All primary chemical bonds inherently weaken under increasing tension. Interestingly, nature is able to combine such bonds into protein complexes that accomplish the opposite behavior: they strengthen with increasing tensional force. These complexes known as catch bonds are increasingly considered a general feature in biological systems subjected to mechanical stress. Despite their prevalence in nature however, no truly synthetic realizations of catch bonds have been accomplished so far, as it is a profound challenge to synthetically mimic the allosteric mechanisms employed by protein catch bonds. In this work we propose a computational model that shows how a synthetic catch bond could be accomplished with the help of existing supramolecular motifs and mechanophores, each of which individually act as slip bonds. This model allows us to identify the limits of catch bonding in terms of a number of experimentally measurable parameters. This knowledge could be used to suggest potential molecular candidates, thereby providing a foothold in the ongoing pursuit to realize synthetic catch bonds.

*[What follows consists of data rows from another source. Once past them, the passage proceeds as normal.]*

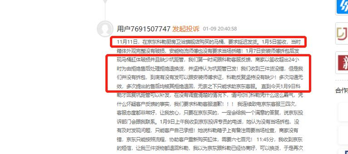 科勒马桶多次“开箱即碎”,售后态度也恶劣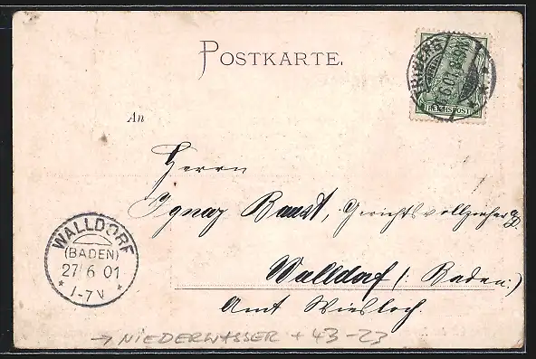 alte Ansichtskarte, gelaufen 1901, Bugspur re. oben, guter Zustand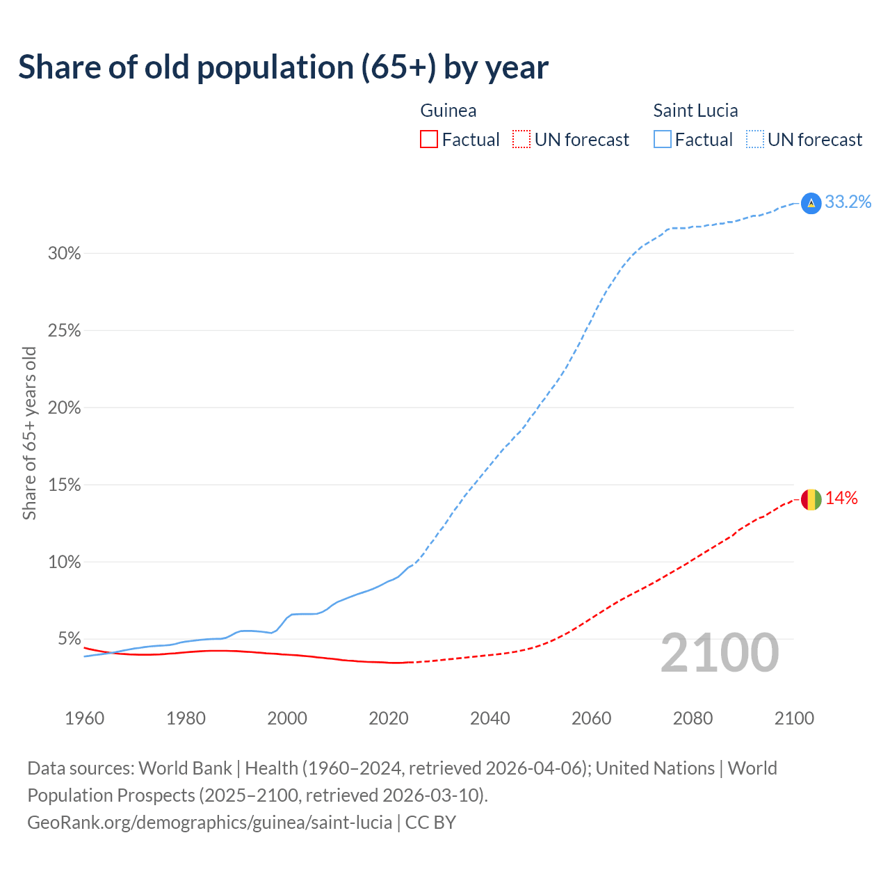 - The share of old-age demographic (65+) in Guinea is 3.46% vs 9.62% in Saint Lucia.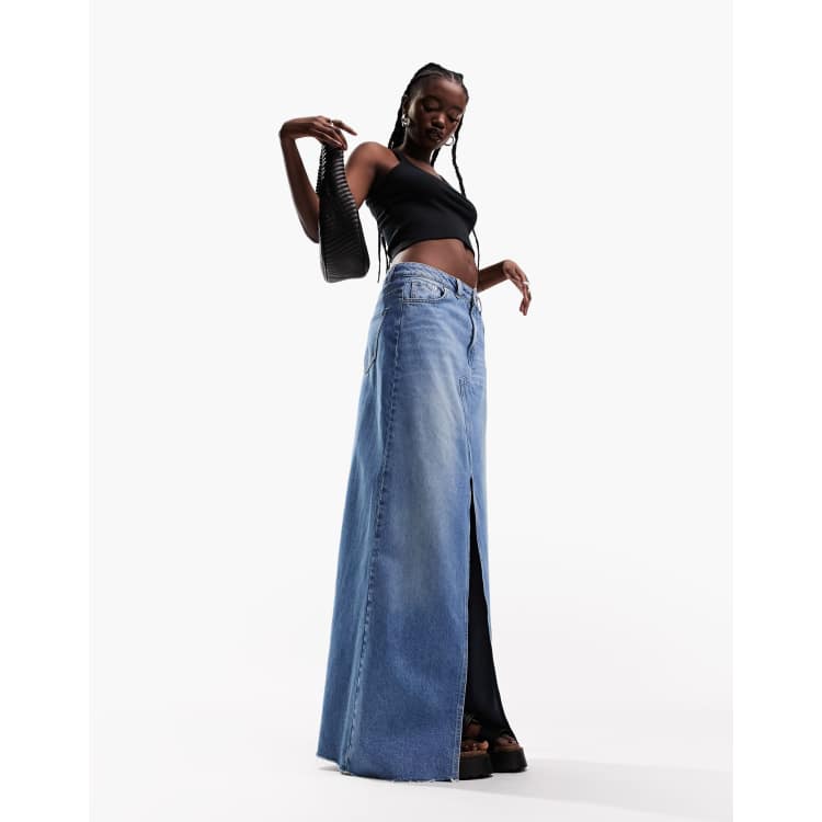 ASOS DESIGN Jupe longue l g re en jean fendue sur le devant Bleu Very well made.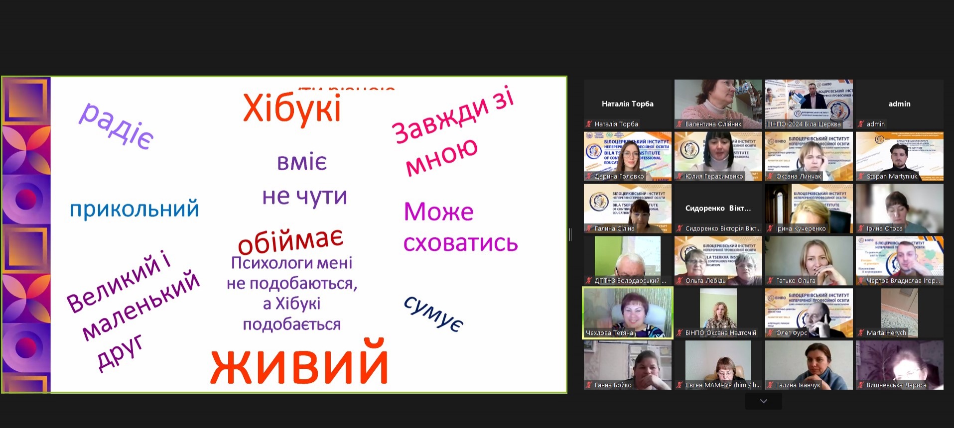 14 березня 2024 року викладачі кафедри психології Хмельницького інституту МАУП взяли участь у «Калейдоскопі психологічних практик», приурочений до 45-річчя з дня заснування Білоцерківського інституту неперервної професійної освіти.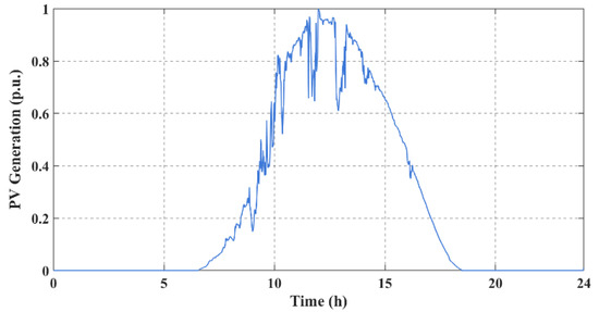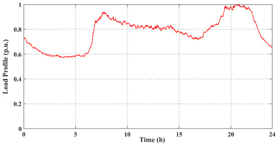 In this case, the PV generation is distributed in the system, and their generation profile can be shown in Figure 2. Meanwhile, the load profile also varies [26], as shown in Figure 6. The simulation is performed for 24 h. The neighboring nodes exchange information and update their local control reference every 1 min. The simulation is performed repetitively for three cases, including the case without BESS, the case with BESS under the centralized control scheme, and the case with BESS under the distributed control scheme.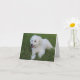 cão branco fofo e fofo num cartão de nota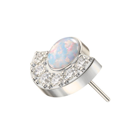 G23 Titanium Crescent Opal & CZ Threadless Flatback Stud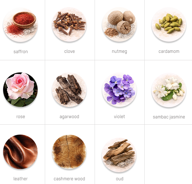 A combination that boasts a blend of saffron, nutmeg and cardamom, deepening into a floral bouquet of agarwood, violet and Sambac jasmine. The fragrance culminates in a rich harmony of leather, cashmere wood and oud. A delightful blend.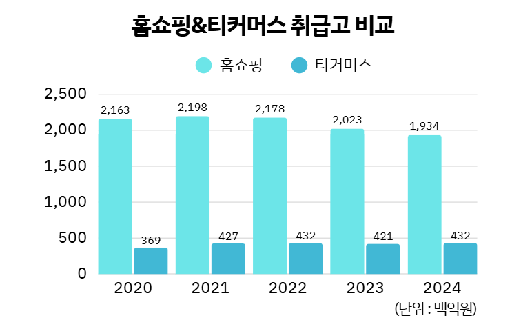 2024년 기준, 홈쇼핑의 취급고는 T커머스보다 약 4.5배 큽니다.

随着张力的增加，所有主要的化学键都会固有地减弱。有趣的是，自然界能够将这些键结合成蛋白质复合物，从而完成相反的行为：它们随着张力的增加而增强。这些被称为捕捉键的络合物越来越多地被认为是遭受机械应力的生物系统的普遍特征。尽管它们在自然界中很盛行，但是到目前为止，还没有真正实现合成的捕获键，因为合成模拟蛋白捕获键所采用的变构机制是一个严峻的挑战。在这项工作中，我们提出了一个计算模型，该模型显示了如何利用现有的超分子基序和机制来完成合成的捕获键，它们各自分别充当滑键。该模型使我们能够根据许多实验可测量的参数来识别捕获键的极限。该知识可用于建议潜在的分子候选物，从而为实现合成捕获键的持续努力提供立足点。